§ **Task to complete**
Nothing but the text should be carried over: reproduce all the data exactly and leave out every image.

§ **Provided data**

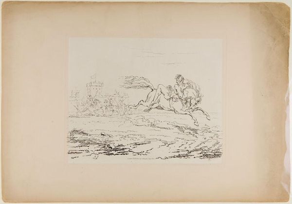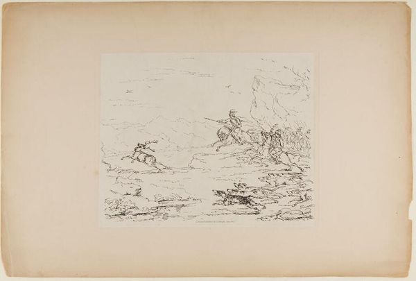 Curator: This intriguing line drawing from the Harvard Art Museums is entitled *A Mounted Knight Leading an Army and Fording a River*, attributed to Sir John James Stuart Bart. Editor: It strikes me as both delicate and powerful. The scale is intimate, yet the energy of the scene feels vast, as though hinting at larger conflicts. Curator: Indeed. Notice how the knight, with his pointed lance, becomes a symbol of leadership and forward momentum. The river, however, might also signify a boundary, a challenge overcome. Editor: I can't help but think about how such imagery has historically served to legitimize power structures and narratives of domination. Who gets to be the hero in these stories, and at whose expense? Curator: The symbolic weight of the mounted knight is certainly complex. He embodies bravery and authority, but also perhaps conquest and the imposition of will. It's a trope repeated throughout Western visual culture. Editor: It makes you question whether we've truly moved past these romanticized portrayals of conflict and leadership. Curator: A drawing like this reminds us that these images are not neutral; they carry with them a whole history of cultural and political baggage. Editor: Exactly. Art invites us to unpack that baggage, to challenge and re-evaluate what these symbols mean to us today.
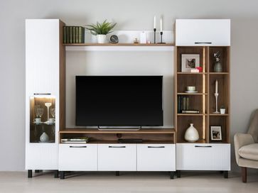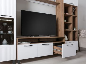 ТВ-тумба Манхеттен отлично подойдет для размещения в интерьере современной гостиной. Модель имеет открытую нишу во всю ширину и оснащена тремя вместительными выдвижными ящиками на шариковых направляющих. Задняя стенка оборудована специальным отверстием для проводов.<br>
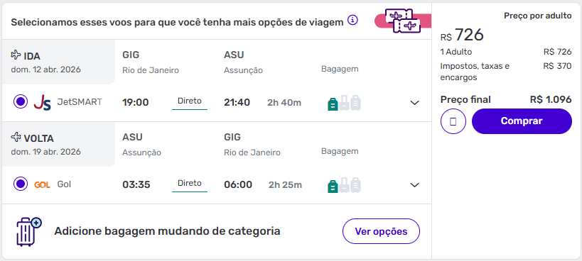 Ida em 12 de abril de 2026 e volta em 19 de abril de 2026.
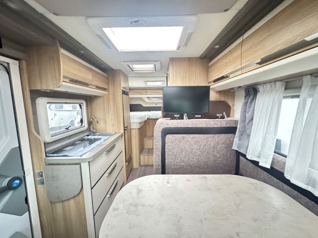 Airbags, el. Außenspiegel, höhenverstellbarer BF Sitz Sky TI Paket: Dachhaube Midi Heki, Verdunkelungssystem Fh., Abwassertank isoliert und beheizt, Fliegengittertüre, Stoßfänger vorne in Wagenfarbe, Pilotensitze im Polsterstoff drehbar Polster Indian Summer 2. Garagenklappe Rahmenfenster Markise 4 m Router in L-Sitzgruppe El. Einstiegsstufe, Solaranlage Wechselrichter Power Line PL 1500 SI

§ **Solution for this exercise**
 Curator: This intriguing line drawing from the Harvard Art Museums is entitled *A Mounted Knight Leading an Army and Fording a River*, attributed to Sir John James Stuart Bart. Editor: It strikes me as both delicate and powerful. The scale is intimate, yet the energy of the scene feels vast, as though hinting at larger conflicts. Curator: Indeed. Notice how the knight, with his pointed lance, becomes a symbol of leadership and forward momentum. The river, however, might also signify a boundary, a challenge overcome. Editor: I can't help but think about how such imagery has historically served to legitimize power structures and narratives of domination. Who gets to be the hero in these stories, and at whose expense? Curator: The symbolic weight of the mounted knight is certainly complex. He embodies bravery and authority, but also perhaps conquest and the imposition of will. It's a trope repeated throughout Western visual culture. Editor: It makes you question whether we've truly moved past these romanticized portrayals of conflict and leadership. Curator: A drawing like this reminds us that these images are not neutral; they carry with them a whole history of cultural and political baggage. Editor: Exactly. Art invites us to unpack that baggage, to challenge and re-evaluate what these symbols mean to us today.
 ТВ-тумба Манхеттен отлично подойдет для размещения в интерьере современной гостиной. Модель имеет открытую нишу во всю ширину и оснащена тремя вместительными выдвижными ящиками на шариковых направляющих. Задняя стенка оборудована специальным отверстием для проводов.<br>
 Ida em 12 de abril de 2026 e volta em 19 de abril de 2026.
 Airbags, el. Außenspiegel, höhenverstellbarer BF Sitz Sky TI Paket: Dachhaube Midi Heki, Verdunkelungssystem Fh., Abwassertank isoliert und beheizt, Fliegengittertüre, Stoßfänger vorne in Wagenfarbe, Pilotensitze im Polsterstoff drehbar Polster Indian Summer 2. Garagenklappe Rahmenfenster Markise 4 m Router in L-Sitzgruppe El. Einstiegsstufe, Solaranlage Wechselrichter Power Line PL 1500 SI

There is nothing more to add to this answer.